Due to the similarity of some of the charges, Senk’lip will only be facing sentencing for five of the charges.
A potential constitutional challenge halted the process, as the court prepares to consider the constitutionality of mandatory minimums for Indigenous offenders, if a challenge is filed by Senk’lip. For gun smuggling charges, the mandatory minimum is three years.
Throughout the pretrial and trial process, Justice Arne Silverman advised Senk’lip to obtain legal counsel, a suggestion Silverman made again at the beginning of a sentencing hearing Thursday morning.
Senk’lip, again, declined to get a lawyer, declaring the Crown and court’s assumed jurisdiction over him to be “genocide.”

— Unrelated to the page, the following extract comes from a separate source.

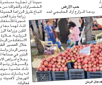
من مهرجان الرمان

حلبجة، عنراء جمعة اختتمت اسس السعيدت فعاليات مهرجان رمان وخريف حلبجة السابع التي بدأت الخميس الماضي في ساحة ملعب حلبجة الرياضي واستمرت لمدة ثلاثة ايام برعاية مجلس المنظمات المدنية وتحت اشراف وزارة الزراعة في الاقليم، استقطب المهرجان آلاف الزائرين من مختلف مدن ومحافظات كركستان العراق. وقال المدير العام لزراعة حلبجة ستار محمود في تصريح لـ «الصباح» ان «المهرجان ذو اهداف اقتصادية وزراعية وهو يسهم بالتعريف بمدينة حلبجة من خلال عرض فاكهة الرمان والعصائر المستخرجة منها، فضلا عن المحاصيل الزراعية الاخرى التي تنتجها المدينة من اجل ترويجها الى الاسواق الخارجية». منوها بسان «مدينة حلبجة تتميز بانتاج آلاف الاطنان من الرمان سنويا لتغطية الحاجة المحلية بالإضافة الى تصدير كميات منها الى الاسواق الخارجية».

That type of argument was prevalent in Louie’s trial and pretrial proceedings, an argument that Silverman had originally appeared willing to hear initially.
Thursday, Silverman pushed back against a “nonsense question” at one point and shut down a speech from Senk’lip, who spoke of financial transactions and commercial bonds.
“I have no idea what he’s talking about,” Silverman said after the approximately five-minute monologue from Senk’lip. “There’s nothing there that’s relevant to the sentencing process.”
Silverman said he would not get back into the same issues from “the time that was wasted of the five days that we spent in trial. … I would estimate that roughly half of that was Senk’lip ignoring me.”
It wasn’t just Senk’lip that Silverman butted heads with during the hearing Thursday. He and Crown lawyer Clarke Burnett had a lengthy back-and-forth over the a recent decision, referred to as R. v. J.L.M., which suggested an Indigenous background should be of consideration when sentencing, and could mean a sentence below the mandatory minimum.
What was largely at issue was Senk’lip’s lack of a lawyer on this matter, who could have filed a constitutional challenge to the mandatory minimum for consideration of his Indigenous heritage.
“There’s been no constitutional challenge to this section, and I say that has to happen,” Burnett said.
“Senk’lip isn’t capable of mounting a constitutional challenge. You are well aware of what a constitutional challenge means … but he’s never going to file the necessary paperwork,” Silverman countered. “I would have to indicate on his behalf that that’s an issue I want canvassed.”
Burnett suggested that would require an adjournment in the case, for the constitutionality of mandatory minimums for Senk’lip to be explored.
“Unless there is a constitutional challenge, your lordship doesn’t have the jurisdiction to go below the mandatory minimum,” Burnett said.
After a 20-minute back-and-forth, Burnett did ultimately convince Silverman a constitutional challenge would need to be brought forth for J.L.M. to apply for Senk’lip, because it was a constitutional challenge that took J.L.M. to the appeals court in the first place.
That led to a renewed call for Senk’lip to seek legal counsel.
“I’m not saying you’ll get less than a three-year sentence, even if there was no minimum,” Silverman said. “Mr. Burnett makes a good case for the proposition that I’m not permitted to consider that (J.L.M.) unless there is a formal challenge.”
Senk’lip said he would be willing to consider consulting with one of his lawyer friends to attempt to mount that constitutional challenge.
The court is set to reconvene in mid-January on the matter.